Applies to every image algorithm. Validates and resizes before hashing.

Field Default Effect
max_input_bytes 10485760 (10 MiB) Reject larger uploads with 413.
max_dimension 2048 Downscale longest edge to this if larger. Saves CPU, lossy on tiny detail.
min_dimension 32 Reject inputs whose shortest edge is smaller, with 422.

MultiHashConfigDto (multi only)

Controls the blended digest. Weights are normalised before hashing — only their ratios matter.

Field Default Effect
phash_weight 0.4 Contribution of pHash.
dhash_weight 0.3 Contribution of dHash.
ahash_weight 0.1 Contribution of aHash.
global_weight 0.1 Contribution of the global colour-histogram component.
block_weight 0.1 Contribution of the per-block descriptor.
block_distance_threshold 12 Hamming threshold below which two block-descriptors count as a match.

Set any weight to 0 to disable that component.

Per-algorithm notes

multi (default)

Blends pHash, dHash, aHash, a 64-bin colour histogram (global), and a 4×4 block descriptor. Best survival against rotation, crop, and watermark. Largest output (~136 bytes) but still cheap.

phash

DCT-based. Output: 8 bytes. Reliable down to ~5 % rescale. Standard recommendation for "find near-identical photos". Feature image-perceptual.

dhash

Difference hash. Output: 8 bytes. Faster than pHash (no DCT) and more robust to gamma; fails on tight crops. Feature image-perceptual.

ahash

Average hash. Output: 8 bytes. Compute on resized greyscale, threshold each pixel against the mean. Easy to reason about, weakest signal. Feature image-perceptual.

semantic

Runs a CLIP-class image encoder. Returns an FP32 vector (typically 384-d or 512-d). Required for "find images that look like this image" search across diverse content. Specify model_id (e.g. clip-vit-b32); see /healthz for the loaded model list. Feature image-semantic.

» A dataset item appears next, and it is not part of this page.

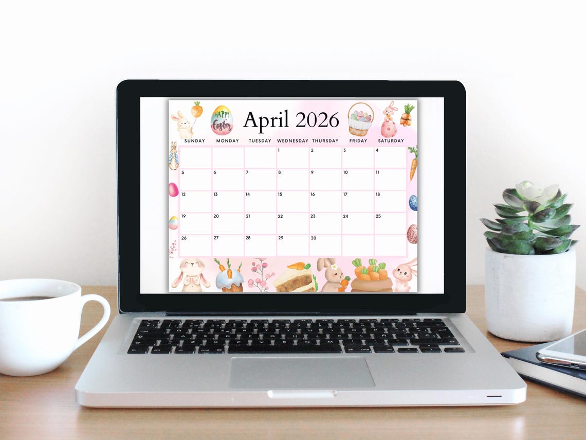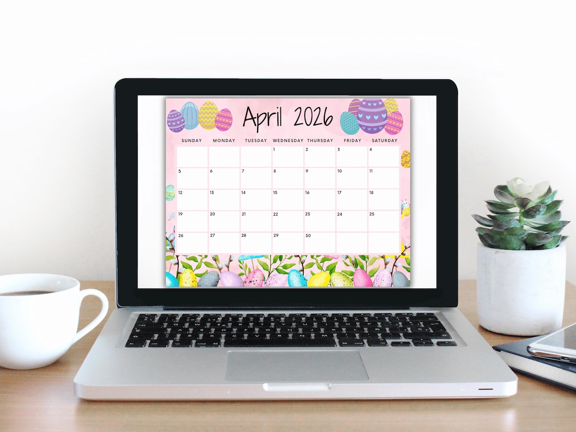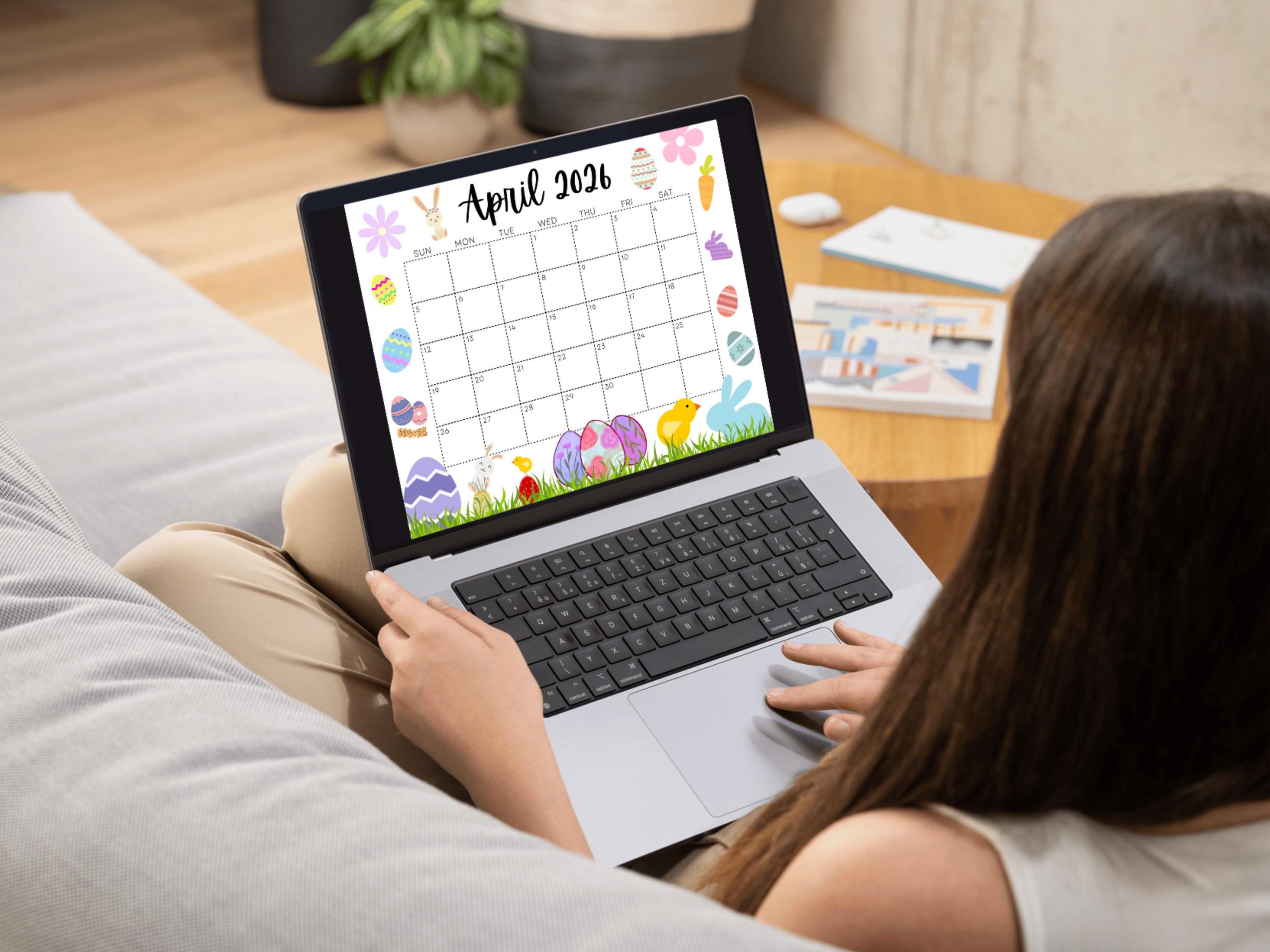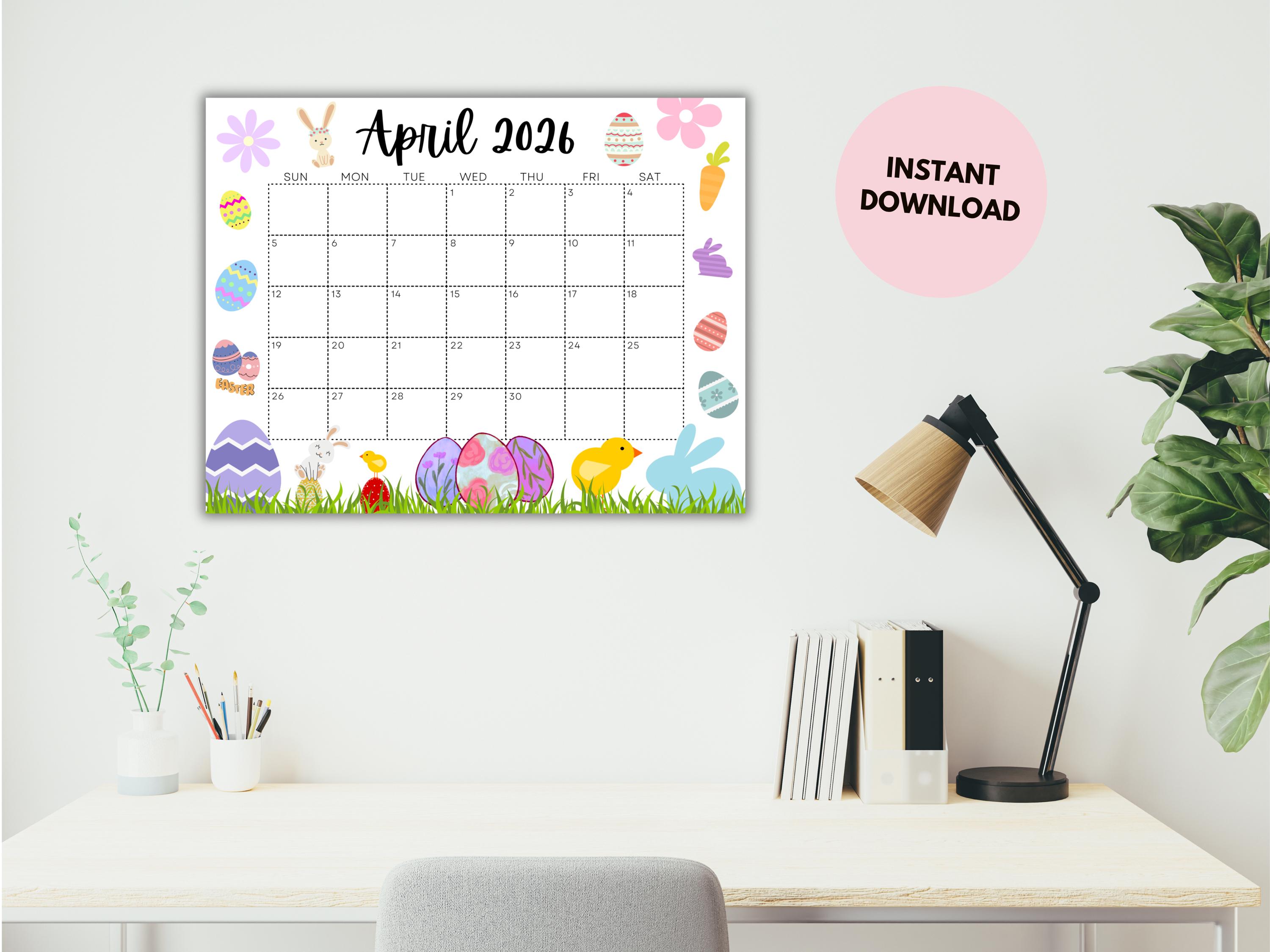April Calendar, 2026 Calendar, Easter Calendar, Spring Planner, Happy ...

curl -sS -X POST 'https://ucfp.dev/v1/ingest/image/17/01HZX…?algorithm=semantic&model_id=clip-vit-b32' \
  -H 'Authorization: Bearer ucfp_…' \
  -H 'Content-Type: image/png' \
  --data-binary @photo.png

Response

{
  "tenant_id": 17,
  "record_id": "01HZX…",
  "modality": "image",
  "algorithm": "imgfprint-multi-v1",
  "format_version": 1,
  "config_hash": "0x4f01c882b1ea93de",
  "fingerprint_bytes": 136,
  "has_embedding": false,
  "embedding_dim": null,
  "model_id": null
}

For semantic, has_embedding is true and embedding_dim is set.

Supported input formats

JPEG, PNG, WebP, GIF (first frame), BMP, TIFF. Animated content uses the first frame; submit per-frame to fingerprint a video, or use the upcoming video modality (out of v1).